A Bayesian Approach to Informed Spatial Filtering with Robustness Against DOA Estimation Errors

S. Chakrabarty and E. A. P. Habets

Published in the IEEE/ACM Transactions on Audio, Speech and Language Processing, Vol. 26, Issue 1, pp. 145-160, Jan. 2018.

Abstract

For extraction of desired sound sources in noisy and reverberant environments, information on the location of sound sources is often required. In practical scenarios, this information is generally unavailable and needs to be estimated. In the recently proposed informed spatial filters, narrowband direction-of-arrival (DOA) estimates are incorporated in the spatial filtering framework, which enables quick adaptability to changes in the sound scene. However, in noisy and reverberant environments, it is difficult to obtain accurate DOA estimates, and estimation errors lead to a severe degradation in the spatial filtering performance. This paper presents a Bayesian approach to spatial filtering, considering a multi-wave signal model, that is robust to uncertainty or error in DOA information. The proposed framework aims to capture multiple sound sources at each time-frequency (TF) instant with an arbitrary direction dependent gain, while attenuating the diffuse sound and noise. For robustness, the DOA corresponding to each sound source is assumed to be a discrete random variable with a prior defined on a discrete set of candidate DOAs over the whole DOA space. With this assumption, the spatial filter is given as a weighted sum of individual spatial filters, each corresponding to a specific combination of probable DOA values, with the weighting factors given by the joint posterior probabilities of the combination of DOA values. Identifying the limitations of the developed formulation with the whole DOA space as the support for each random variable, specifically, in terms of redundant computations, a narrowband DOA estimate based posterior probability approximation method is proposed, that simultaneously reduces the computational cost of the overall system. Through experimental analysis, the robustness of the proposed framework against DOA estimation errors is shown. Experimental evaluation with simulated and measured room impulse responses, in terms of objective performance measures, demonstrates the effectiveness of the framework to perform spatial filtering in noisy and reverberant acoustic environments.

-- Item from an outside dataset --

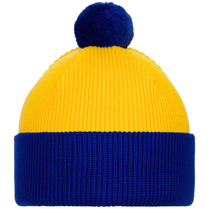 Двуслойная шапка фактурной вязки с контрастным подворотом и помпоном.

Audio Examples 1 - Measured RIR, Static sources

These audio examples correspond to the experiment with measured RIRs presented in Section VII-C1 in [1]. For these experiments, we used the Multichannel Impulse Response database recorded in the acoustics lab at Bar-Ilan University [2]. Details of the experimental setup are described in [1].

We present the audio examples for RT60 = 0.61 s with the two sources placed 2 m away from the microphone array. The desired source (female speaker) was located at 107 degrees relative to the center of the array, and the interfering speaker at 77 degrees. Microphone self-noise was added to the microphone signals (input segSNR = 10 dB).

We compared the performance of the proposed method to the informed LCMV (iLCMV) filter [3], a variant of this filter with the estimated means of the Gaussians as DOA estimates (iMean), and a baseline delay-and-sum beamformer (DSB).

Audio Examples 2 - Measured RIRs, Moving undesired source

These audio examples correspond to the experiment with moving interfering speaker presented in Section VII-C3 in [1]. We use the same database of measured RIRs as above.

This experiment was conducted with RT60 = 0.36 s, with the desired speaker placed at 107 degrees, 2m away from the microphone array. The interfering speaker was subsequently active from positions 1 to 3, as shown in the figure.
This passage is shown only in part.